New Delhi: The Supreme Court on Thursday said sexual harassment of a child should be viewed as a heinous and serious offence and cannot be taken lightly as offences of a private nature and, in fact, such offences are bound to be taken as offences against the society.
A bench comprising justices CT Ravikumar and Sanjay Kumar set aside the decision of the Rajasthan High Court to exercise its powers under Section 482 of the Code of Criminal Procedure (CrPC) to quash a sexual harassment case based on a compromise between the accused, a teacher and father of the victim, who was sexually harassed at her school.
The apex court said when an incident of the aforesaid nature and gravity allegedly occurred in a higher secondary school, that, too, from a teacher, it cannot be simply described as an offence which is purely private and has no serious impact on the society.
Justice Ravi Kumar, who authored the judgment on behalf of the bench, opened the judgment by saying the renowned American poet HW Longfellow penned to the effect that a torn jacket might soon be mended, but a bruised heart of a child would be beyond reviviscence. “Certainly, it contains the gospel truth as relates to a child subjected to sexual assault, be it aggravated or penetrative; or any kind of sexual abuse or exploitation. It is more so, in the case of a female child as it may hound her and hack her family life”, said Justice Ravi Kumar.
The apex court said that rubbing the breast of a child would constitute an offence of ‘sexual assault’ under Section 7 of the POCSO Act, punishable with imprisonment of either description for a term which shall not be less than three years and may extend to five years and also fine. “They would reveal that the commission of such offences against the children should be viewed as heinous and serious. Needless to say, that commission of such offences cannot be taken lightly as offences of private nature and in fact, such offences are bound to be taken as offences against the society”, noted the bench.
Interestingly, the appeal against the High Court order was filed by ordinary men residing in the same tehsil and district to which the father of the victim belongs. They said that the FIR against the accused carries serious allegations of the commission of acts involving offences under various Sections of the IPC, and POCSO Act. The appellants’ said that the offences are not purely private and that they are offences against society. The bench noted that the father of the minor victim and the first respondent state did not choose to challenge the said High Court order passed on February 4, 2022, though it was passed ignoring the opposition of the public prosecutor.
Allowing the appeal, the bench said it has no hesitation to hold that in cases of this nature, the fact that given the compromise entered into between the parties, the chance of a conviction is remote and bleak also cannot be a ground to abruptly terminate the investigation, by quashing FIR and all further proceedings pursuant thereto, by invoking the power under Section 482, Cr. P.C. in the said circumstances.
Justice Ravi Kumar said it is more so when the extracted portion from the complaint that was annexed to the FIR and extracted herein before would reveal that the accused was putting pressure on the father not to lodge any report. “Despite giving such a statement in the complaint, within a couple of weeks, the accused managed to compromise the case with the 4th respondent (father of the minor victim) and his wife”, noted the bench. The bench noted that the victim was then a student of class 11th in the higher secondary aged 16 years.

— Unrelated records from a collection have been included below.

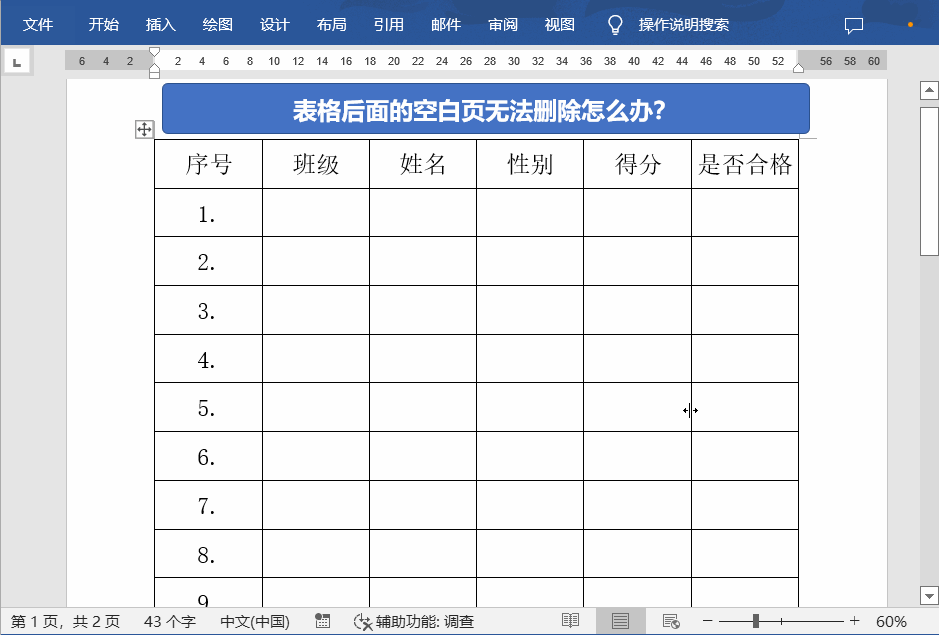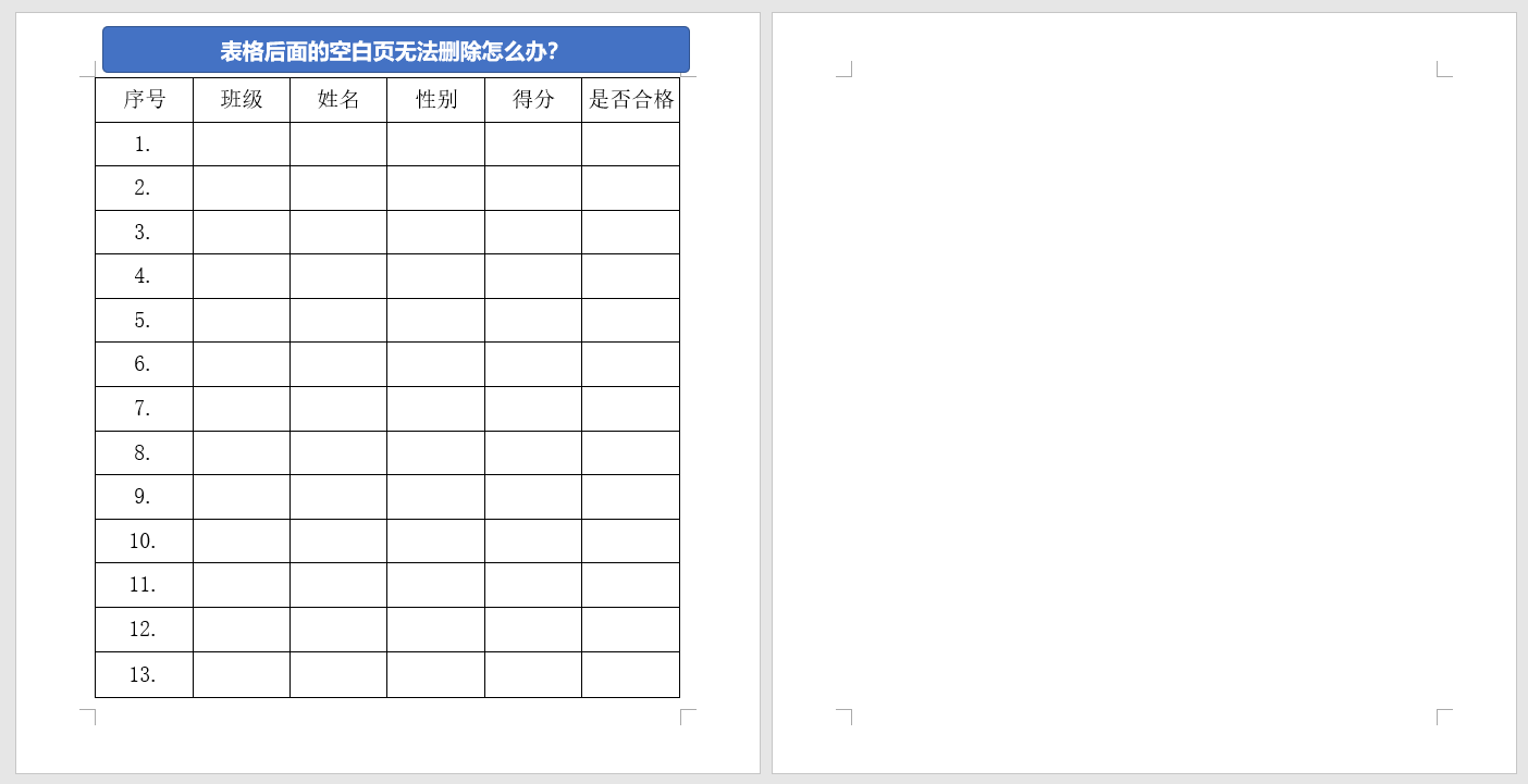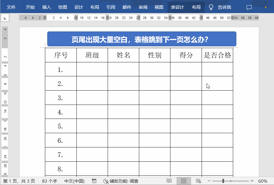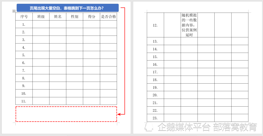 问题2:页尾出现大量空白,表格跳到下一页怎么办?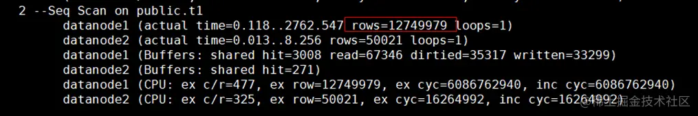 在查询计划的DN信息中,通过rows可以看出在datanode1上扫描的数据量明显多于datanode2,说明有存储倾斜,这种情况建议对表进行合理的设计,选择合适的分布列,将数据均匀分布到所有的DN上。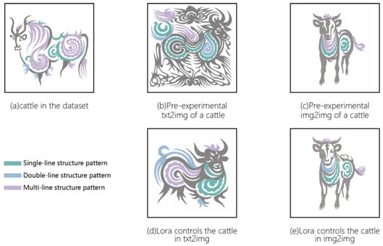 A comparative analysis of the pre-experiment results and representative samples from the original dataset revealed deficiencies in the richness of generated pattern details. Taking the “cattle”-themed paper-cut pattern as an example, the original dataset exhibited a high degree of diversity and complexity in the use of single-structure, double-structure, and multi-structure lines. A systematic analysis of the dataset’s visual characteristics revealed that pattern diversity and stylization were primarily determined by structural factors. By extracting and summarizing shape elements and line structures from 25 of the most representative paper-cut patterns by Qin Naishiqing, the research team identified 43 single-structure lines, 20 double-structure lines, and 20 multi-structure lines. To further examine the impact of structure lines on the generation process, three independent LoRA models were trained, each corresponding to the single-line, double-line, and multi-line structures. These LoRA sub-models were subsequently applied to the base model, enabling controlled generation and systematic exploration of how different structural lines affect the final output.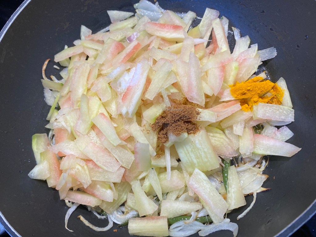 | Instruction: 1. Heat 2 table spoon of oil in a wok or skillet. Add sliced onions and fry until golden brown. Add salt to soften onion. 2. When onions are golden brown, add white parts of watermelon and all the dry spices. Stir well so they are well combined. Continue to cook in a medium heat. 3. Cover the pot for 10 minutes so the veggies get softer and cooked. Put them in low heat. 4. Check if they are cooked and continue cooking without lid. 5. When the veggies look cooked and translucent, put them down. Serve with white rice. |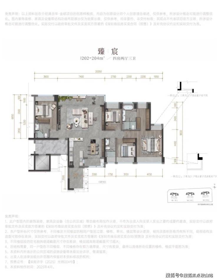 202-204㎡的户型折后单价约5.43-5.99万/㎡,折后总价约1086-1217万/套。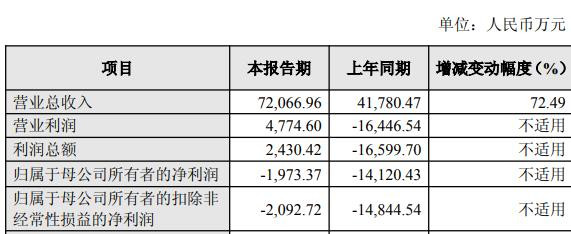 据公司2025年度业绩快报公告,报告期内,公司实现营业总收入7.21亿元,同比增长72.49%;归属于母公司所有者的净利润-1973.37万元;归属于母公司所有者的扣除非经常性损益的净利润-2092.72万元。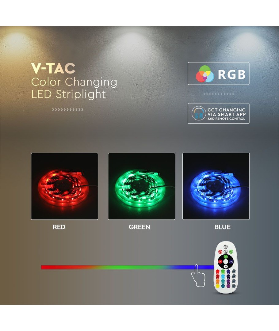 Upplev ett mångsidigt och kraftfullt ljus med vårt 5m 15W/m RGB+CCT LED strip kit, som ger färg och stämning till alla rum.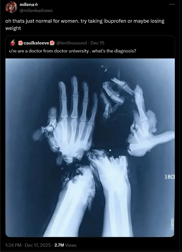 Obviously this is an extreme exaggeration, but yes. I was telling a male friend how angry I was that I couldn’t get painkillers for my debilitating back injury, and he told me he was always prescribed painkillers. I could barely walk at the time, was eventually bedridden for two weeks before my surgery, and they had my MRI films. But sure, it was all in my head.
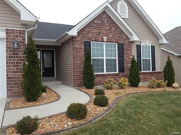BRAND NEW ranch in the fantastic Hampton Woods community. This open plan has 3 bedrooms, 2 Baths and 1,948 square feet of living space. This quality T.R. Hughes home is loaded with features: Vaulted Entry-Great Room-Kitchen-Breakfast Room, Fireplace, laminate wood floors in the Great Room-Entry-Kitchen-Breakfast Room, staggered height 42 inch cabinets with crown, Kitchen island with breakfast bar, stainless steel appliances, brushed chrome door hardware and more. The Master Suite has a 4 window bay, coffered ceiling, double bowl raised height vanities, 5 foot shower with seat, linen closet and a HUGE walk in closet. The low maintenance exterior has partial brick, 3 car garage with opener, coach lights, vinyl siding, enclosed fascia-soffits, 30 year architectural shingles and a sodded front yard. There is a walk out basement with windows and bath rough in for an easy future finish. Wonderful neighborhood with center playground and sports court just steps away. Easy access to schools, shopping and dining on nearby Hwy K and Main St in O’Fallon.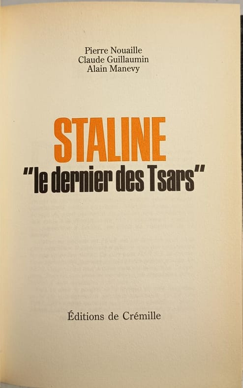 Éditions de Crémille 1990 253 pages in8. 1990. reliure editeur. 253 pages. Biographie de Joseph Staline présentée comme le dernier des tsars soulignant la continuité entre l'autocratie tsariste et son régime totalitaire. L'ouvrage fait partie de la collection "Les personnages maudits de l'Histoire" qui se concentre sur des figures historiques controversées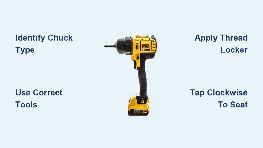 Replacing your DeWalt cordless drill’s keyless chuck correctly restores precision, safety, and functionality to your essential tool. By identifying your specific chuck type first and using the appropriate removal techniques, you’ll avoid costly mistakes that damage your drill. Always prioritize safety with proper eye protection and follow torque specifications—over-tightening during installation is the #1 cause of premature chuck failure. With your new chuck properly installed, your DeWalt drill will grip bits firmly and deliver smooth, wobble-free performance for years to come. For ongoing reliability, clean your chuck mechanism monthly and avoid over-tightening bits during regular use.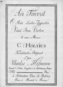 One of Hofmann's compositions is the preserved arrangement of the Viennese song "O Mein lieber Augustin", of which the Dutch later would use the melody for the feast of Saint Nicholas. Hofmann's composition 'Air favorit O mein lieber Augustin, varié pour violon ...' concerns eight lively variations for violin, and was published by Plattner in Rotterdam in 1809. This composition was dedicated to the young gentleman Gualtherus Holtius of the village of Koudekerk aan den Rijn. In 1997 the work was discovered at the Netherlands Music Institute, where it had been preserved.[3]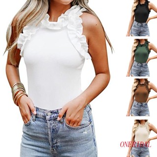 Áo Không Tay Cổ Cao Ôm Dáng Co Giãn Phối Bèo Nhún Quyến Rũ Cho Nữ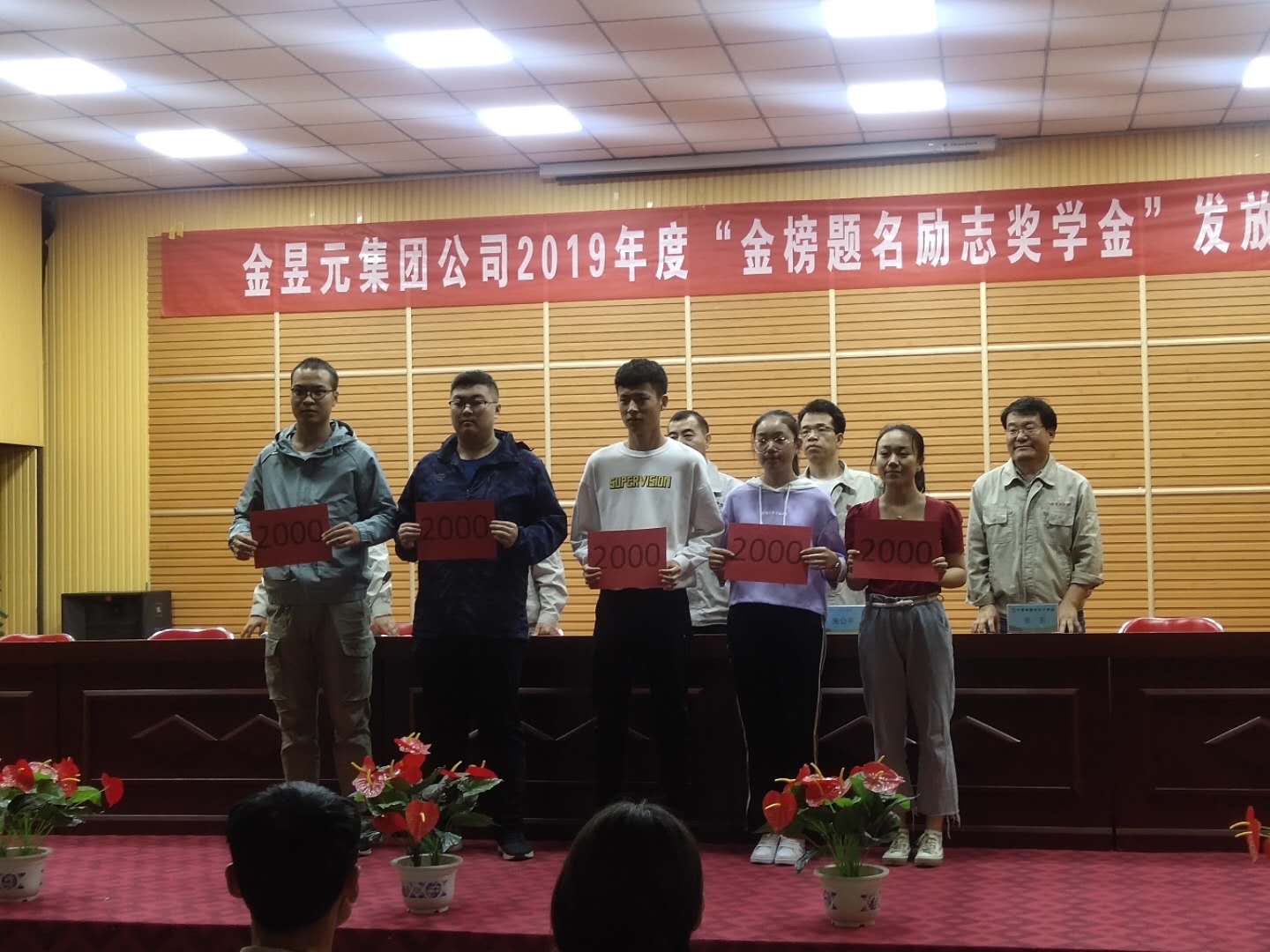 2019年8月23日,集團(tuán)公司領(lǐng)導(dǎo)為2019年度金昱元的職工子女考取一、二本院校。發(fā)放“金榜題名勵(lì)志”獎(jiǎng)學(xué)金,此次活動(dòng)鼓勵(lì)了全體金昱元職工,學(xué)習(xí)這些父母培養(yǎng)優(yōu)秀子女的經(jīng)驗(yàn),同時(shí),此大會(huì)能為培養(yǎng)出優(yōu)秀的兒女的父母表示祝賀。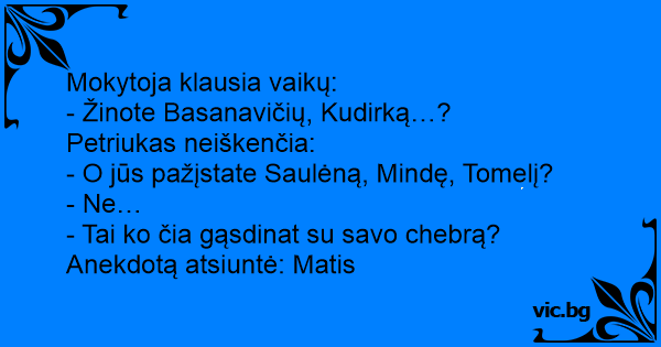 - Tai ko čia gąsdinat su savo chebrą?Anekdotą atsiuntė: Matis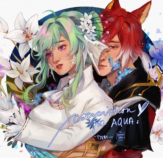 [$150 . single boquet] [$250 couple boquet]Fully rendered illustrations fashioned like a boquet. commissioners can request 2 - 3 main flowers for their portraits.[+$95 . additional character groups of 3+ only]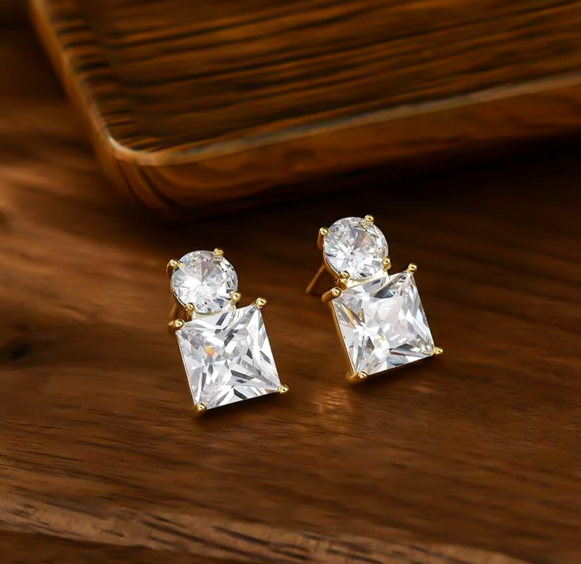 - Cercei fabricati din oțel inoxidabil, cu cristale de zirconiu aplicate.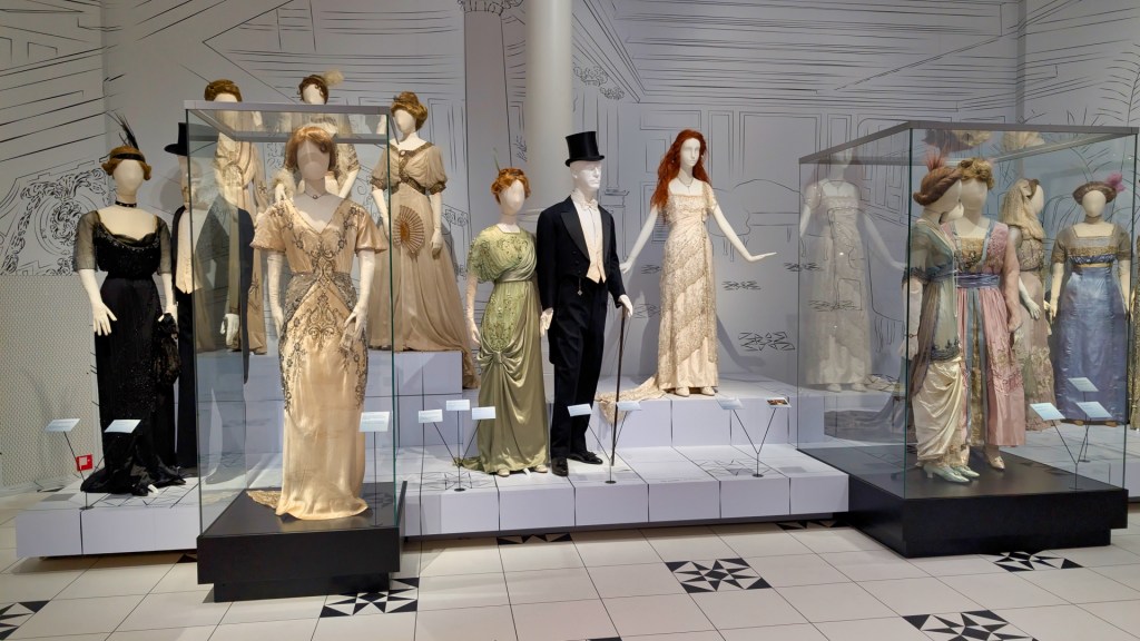 In de eerste zaal zie ik de jurken uit de film Titanic. Ze zijn echt indrukwekkend. Ze hebben glanzende stoffen, mooie details en alles tot in de puntjes verzorgd. Maar wat me vooral opvalt, is dat er ook werkkleding van de bemanning hangt. Stevige schoenen, zelfs klompen, uniformen en eenvoudige stoffen.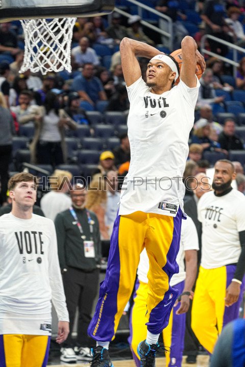 Orlando, Florida, USA, November 4, 2023, Los Angeles Lakers forward Alex Fudge #17 makes a dunk during warm up at the Amway Center. (Photo Credit: Marty Jean-Louis)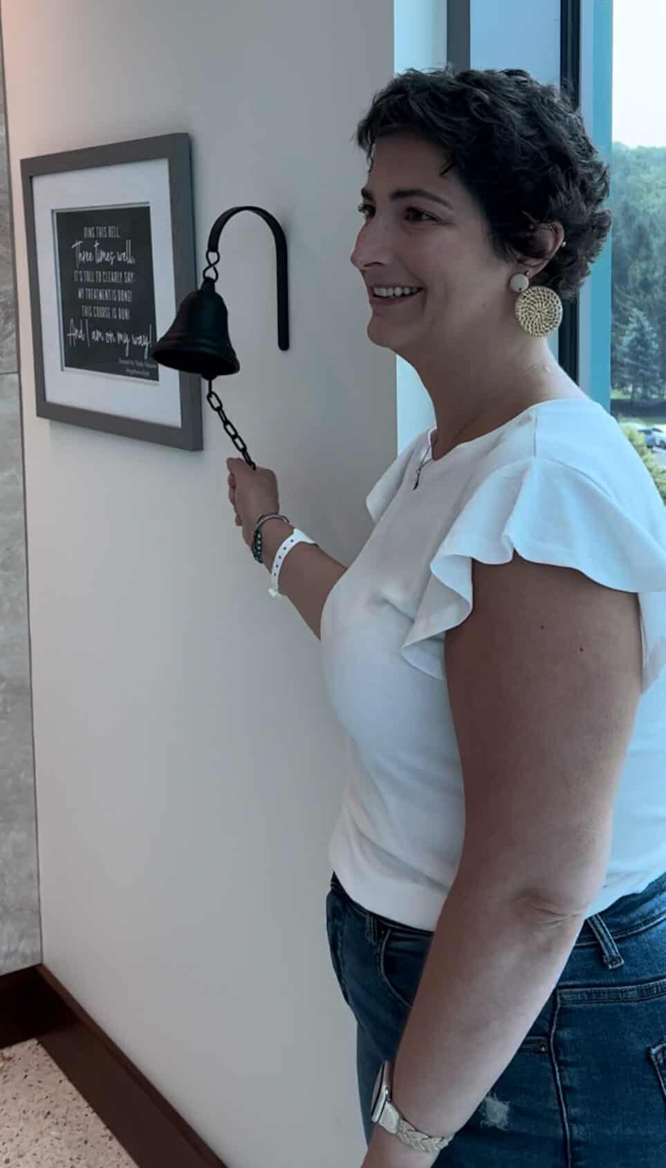 On her last day of immunotherapy, Abby went down to the infusion floor to ring the bell that signals the end of a patient’s cancer treatment. Denise was working that day and watched with Abby’s friends and family.
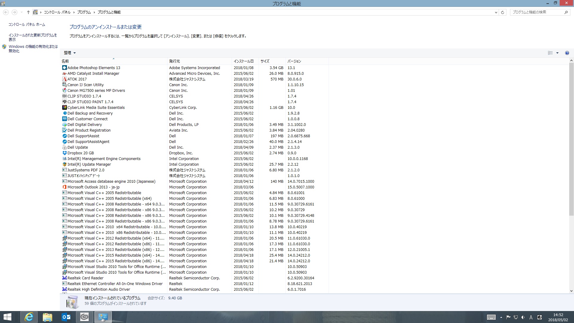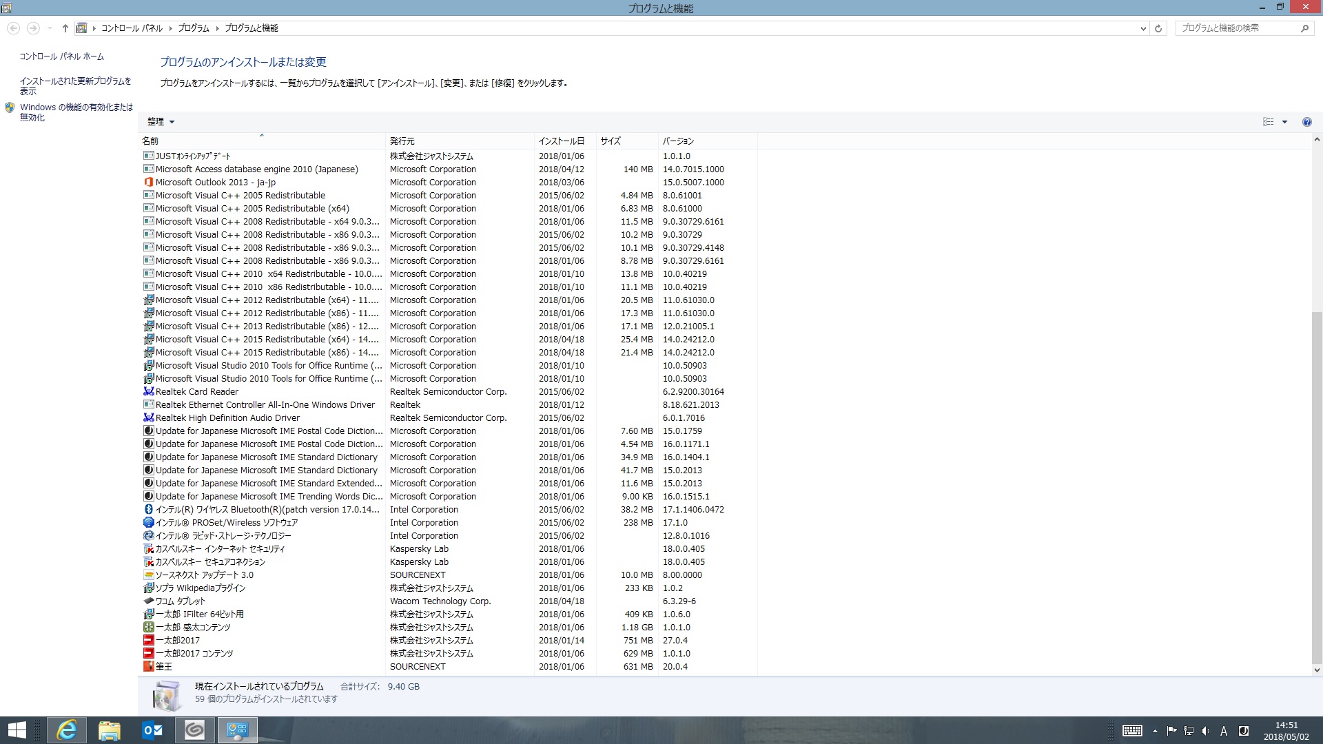 ものから順に並ぶように変更した上で、2018年にインストールされた
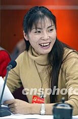 中國體壇素有“亞洲女飛人”稱號的李雪梅,身為中共十六大代表參加四川代表團分組會。作者:毛建軍

An FIR was filed on January 8, 2022, and the compromise was entered immediately on January 31, 2022. The bench said, despite the said position, the High Court has not chosen to consider whether the compromise entered into between the parents and the accused could be acted upon or not, in the interest of justice, taking note of the serious allegations levelled against the accused.
“We are at a loss to understand how the High Court arrived at the conclusion that in the case on hand a dispute to be resolved exists between the parties….”, said the bench.
The bench emphasised that in unambiguous terms this court held that before exercising the power under Section 482, Cr. PC, the High Court must have due regard to the nature and gravity of the crime besides observing and holding those heinous and serious offences could not be quashed even though a victim or victim’s family and the offender had settled the dispute.
Justice Ravi Kumar said it is disheartening to note that with tooth and nail, the counsel appearing for the fourth respondent, the father of the victim, challenged the appellants’ locus standi to maintain the special leave petition against the impugned order whereunder the FIR registered against the third respondent, the accused was quashed based on the compromise.
The bench said there is no case for the accused and father of the victim to claim that the appellants’ filed the petition due to any private revenge or personal vendetta.
“According to us, such right to a third party to prefer a petition under Article 136 of the Constitution is certainly to be recognised and respected in a case where seemingly miscarriage of justice had occurred and still, neither state nor the victim or any relative falling under the term ‘victim’ approached this court”, said the bench.
Concluding the judgment, Justice Ravi Kumar said, “The impugned order of the High Court is hereby quashed and set aside. Consequently, the FIR, investigation and criminal proceedings pursuant thereto are subject to the nature of the report to be filed under Section 173(2), Cr. P.C., be proceeded with against the accused, in accordance with law. We make it clear that we shall not be understood to have made any observations on the merits of the case”.